On January 23, 2015, I flew from Buenos Aires, Argentina (SAEZ) to Santiago, Chile (SCEL). It was a very comfortable night flight in a Boeing 787 Dreamliner of LAN airlines, though it was delayed.

During the descent and a pronounced turn to the left at approximately 4,000ft above the Andes Mountains, I saw through the window a wood fire in the middle of darkness with some shadows around. Then a brilliant white light blinking: three short flashes, three long flashes, three short flashes. I thought: Wow! That antenna blinked like an SOS signal!

One second after the first sequence, again: three short, three long, three short. Then I unfastened the security belt to run and tell the closest flight attendant: Sir!

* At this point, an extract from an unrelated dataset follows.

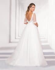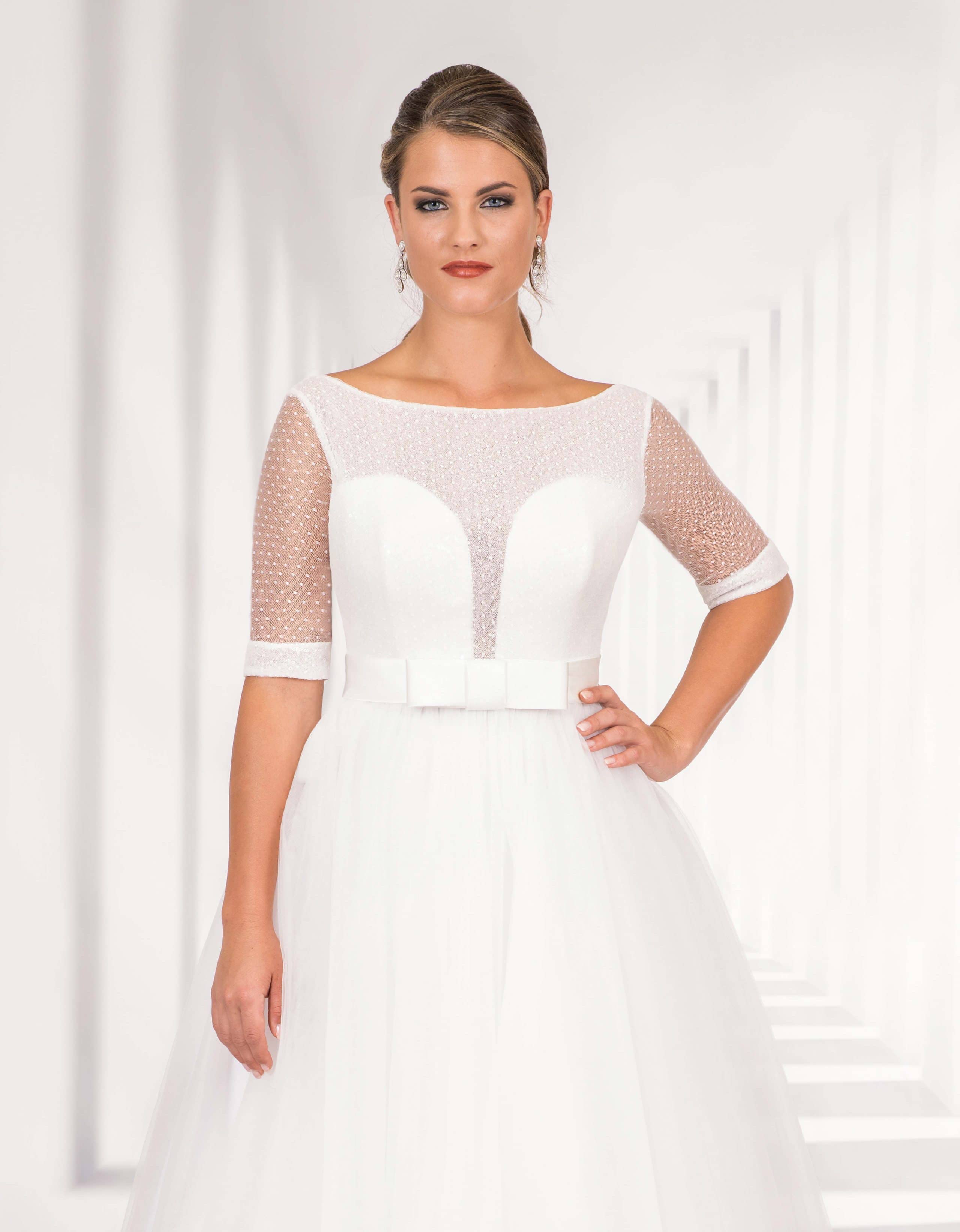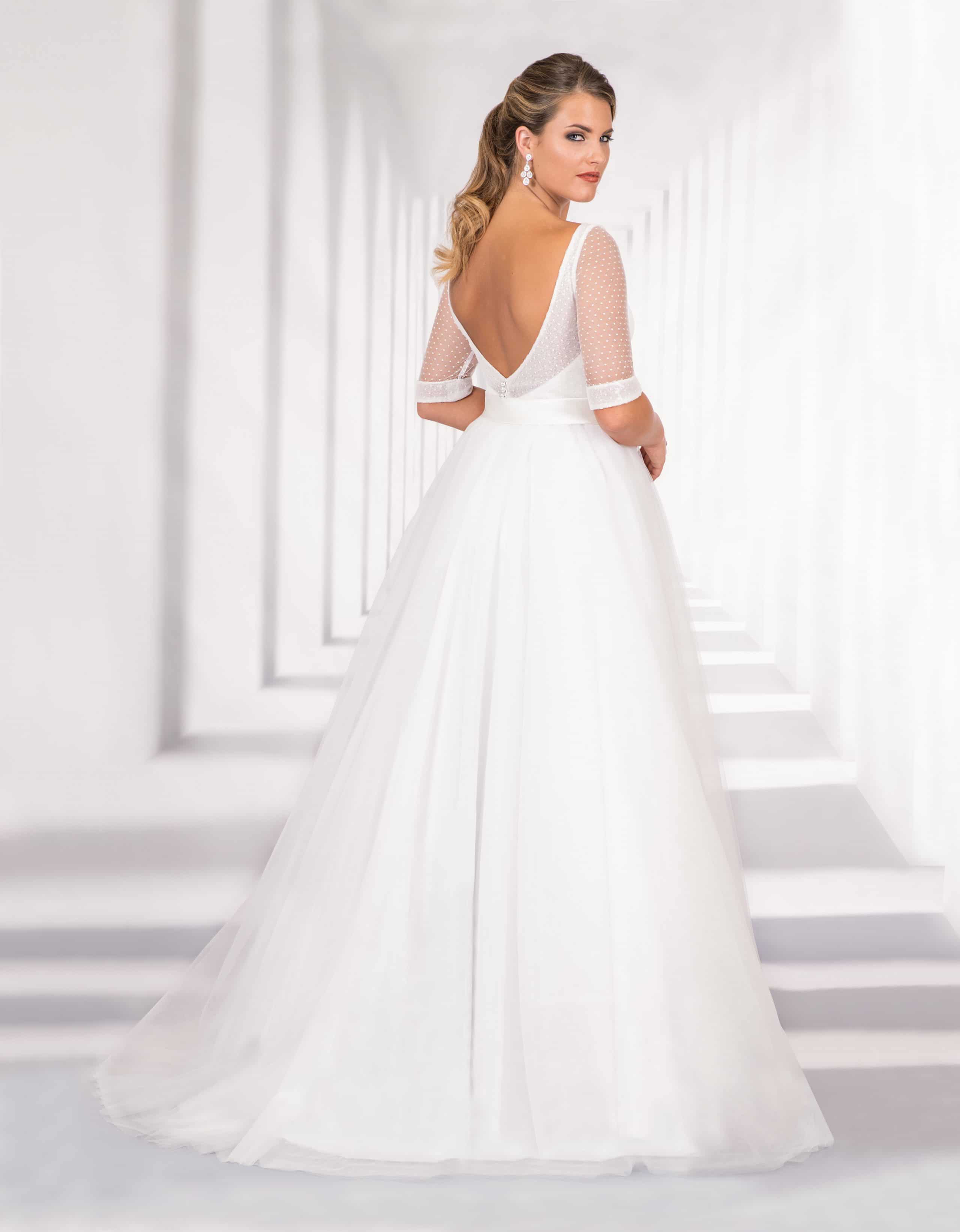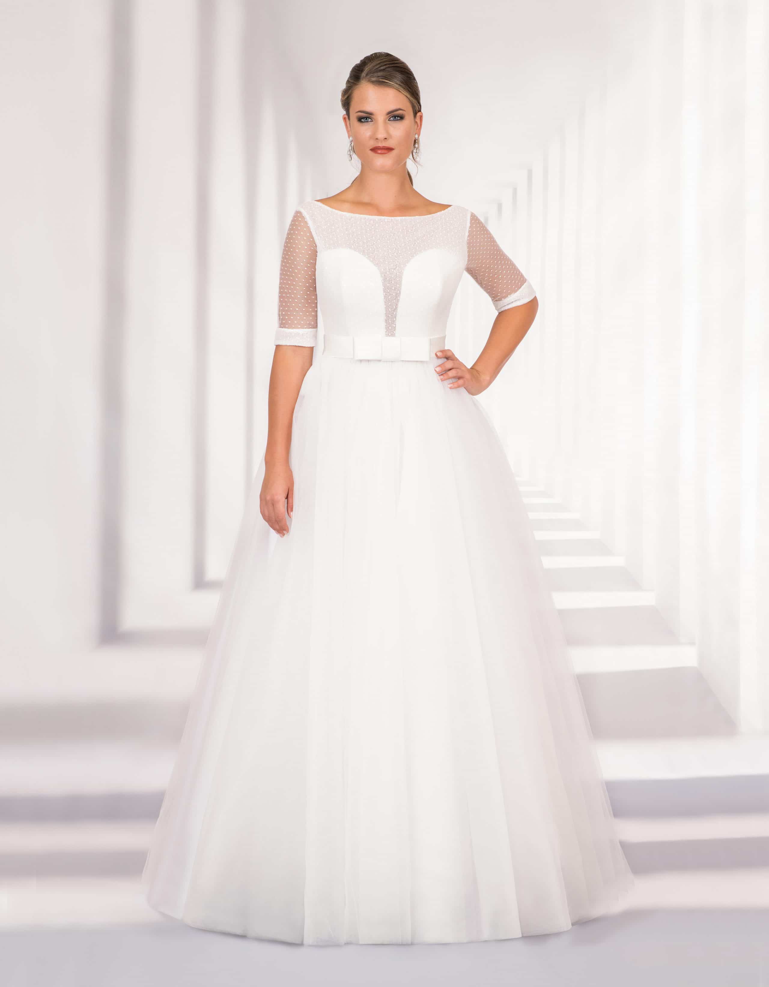 Romantisches Prinzessin Tüllkleid mit Schleppe in A-Linie, dessen märchenhafter Rock weiche Falten wirft. Das traumhafte Oberteil aus feinem Paillettentüll hat vorne einen zarten U-Boot Ausschnitt und beeindruckt durch einen tiefen V-Ausschnitt im Rücken. Halblange Ärmel aus transparentem Tüll und ein breiter Satin Gürtel mit stilvoller Schleife vervollkommnen die bezaubernde Kreation.

There is an SOS signal there, and he started to give attention to it.

After a successful landing on runway 17 L/R, I asked the flight attendant if they have a procedure to handle this kind of sightings. He told me there is no such procedure and that I should go to inform the civil protection office.

Due to a lack of enough time before the next flight, I asked a security officer to inform the civil protection office, giving her the flight number, exact time of the sighting and after calling the person in charge, she asked me for my name and details about the sighting. Trying to be descriptive, I clearly told her all details before running to catch the next flight and almost losing it.

How should passengers report SOS signal sightings?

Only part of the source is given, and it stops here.